The History Behind Oman’s Ramadan Lanterns

26 May 2019
POSTED BY Alvin Thomas

Ornate and intricate, or simple yet tasteful, lanterns have been lighting up homes during the Holy Month for centuries. Swati Basu Das reports.

Lamps have earned themselves a notable mention in the Holy Quran.

The glowing carved clay lamps and partially-coloured glass lanterns lighting up every home are emblems of enlightenment and faith during the holy month. 

If you think Ramadan is just about intermittent fasting, then step out and look around. You will see lanterns everywhere during these 30 days of self-restraint.

A visit to the mall or a stroll through the souk at night or an iftar get-together at your friends’ place all offer an impression of their omnipresence.

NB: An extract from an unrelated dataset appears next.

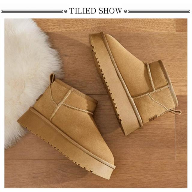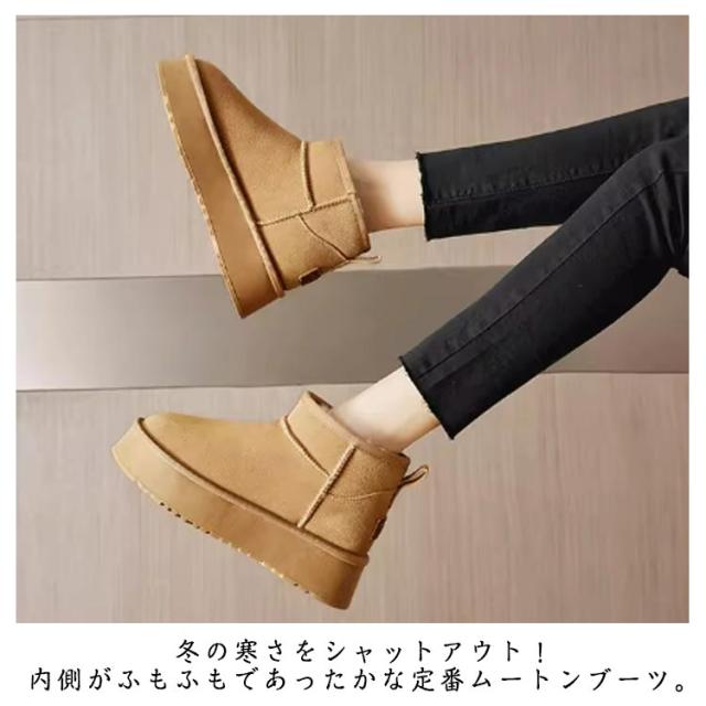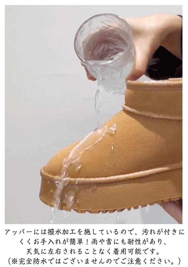 撥水 ムートン 厚底ブーツ ムートン 8cm身長UP ボアブーツ エコファー ブーツ 厚底靴 フラットヒール 痛くない 防滑 保温 防寒靴 レディース インヒール ショートブーツ 裏起毛 冬靴 秋 冬 靴 シークレットシューズ

Beyond fasting, it is truly a festive season that is bright and welcoming. This time of the year is meant to create an atmosphere that’s not only spiritually beautiful but exquisitely radiant as well.

And all that makes this holy month bright are the lamps or the lanterns, (‘fanous’ in Arabic). A typical tradition representing the month of Ramadan and a symbol of hope, the sparkling lights cast a subtle glow.

A decorative piece enhancing Ramadan tents, interiors or the courtyards of premises, the lanterns have their origin in ancient Egypt.

As diverse and intriguing as their designs, Ramadan lanterns celebrate rich literary collections attesting to their luminous presence since time immemorial.

A familiar fable tells of the dark streets of Cairo being lit up by children singing and carrying lanterns to light up the road for the Caliph while he strolled around the city.

Another gripping tale tells the story of the reunion of a lost prince and his father. The little prince who ran away from home was captured and imprisoned by an ogre. He was finally released when the Caliph (his father) came in search of him. They returned to their palace on the first day of Ramadan and fasted together. Commemorating the holy month and rejoicing at the return of his son, the Caliph offered gold lanterns to his subjects and ordered to hang them at the entrance of each premise, streets and mosques.

From the streets of Egypt to every home here and across the globe, these fables still impress every listener.

More cultural and mythical than religious, these tinted glass lanterns finds their way home during Ramadan. While some are correctly placed on the iftar table or at the entrance of a house, others are hung magnificently in gardens and balconies.

Busy buying a few rainbow-coloured fanous, Samsa Saif Al Jabri, a Ramadan shopper, gives me an insight: “This fasting month has more to it. It’s a festive season well celebrated with bright and colourful lights around us. The light grants us a ray of hope and harmony the year shall bring to us. Lighting bright fanous during Ramadan bring in joy and memories to last forever. They also make great gifts during the holy month.”

Gaining popularity in Oman in the recent past, lanterns have evolved from clay lamps, which in the past were lit by burning the oil-fed cotton wick; to electric multicoloured glass and carved clay-urn lanterns.

These now come in various shapes, colours and materials. Be they paper lanterns (an easy DIY job), clay lamps or tinted glass lanterns, they all display innovative patterns. While some are swathed in arabesque designs and Islamic calligraphy, others bear elaborate geometrical shapes and brilliant coloured glass. 

As the perfect time to admire these fancy, innovative shapes and designs brightening every corner, Ramadan is a time when business booms for lanterns.

Uttam Kumar Shah, a shopkeeper at Muttrah Souq, says: “Customers are fascinated with modern designs and colour effects. In recent years, the demand has increased and the lantern business has escalated.”

With its growing demand and evolving designs, the clay-urn lamps are an equally attractive purchase. Designed by local potters, clay lamps tend to come in three sizes – small, medium and large – all intricately carved. There is no shortage of colours and designs available in local shops and souks. These equally decorative clay-urn lamps undoubtedly radiate a rustic appeal.

Spreading an everlasting message of hope and harmony, Ramadan lanterns help to glorify the holy month.

Where to buy?

There’s a good range of glass and clay lanterns available at Nizwa and Muttrah Souq, which can be very good value. The cost of lamps ranges from RO8 to RO60 per piece depending on the size and the design.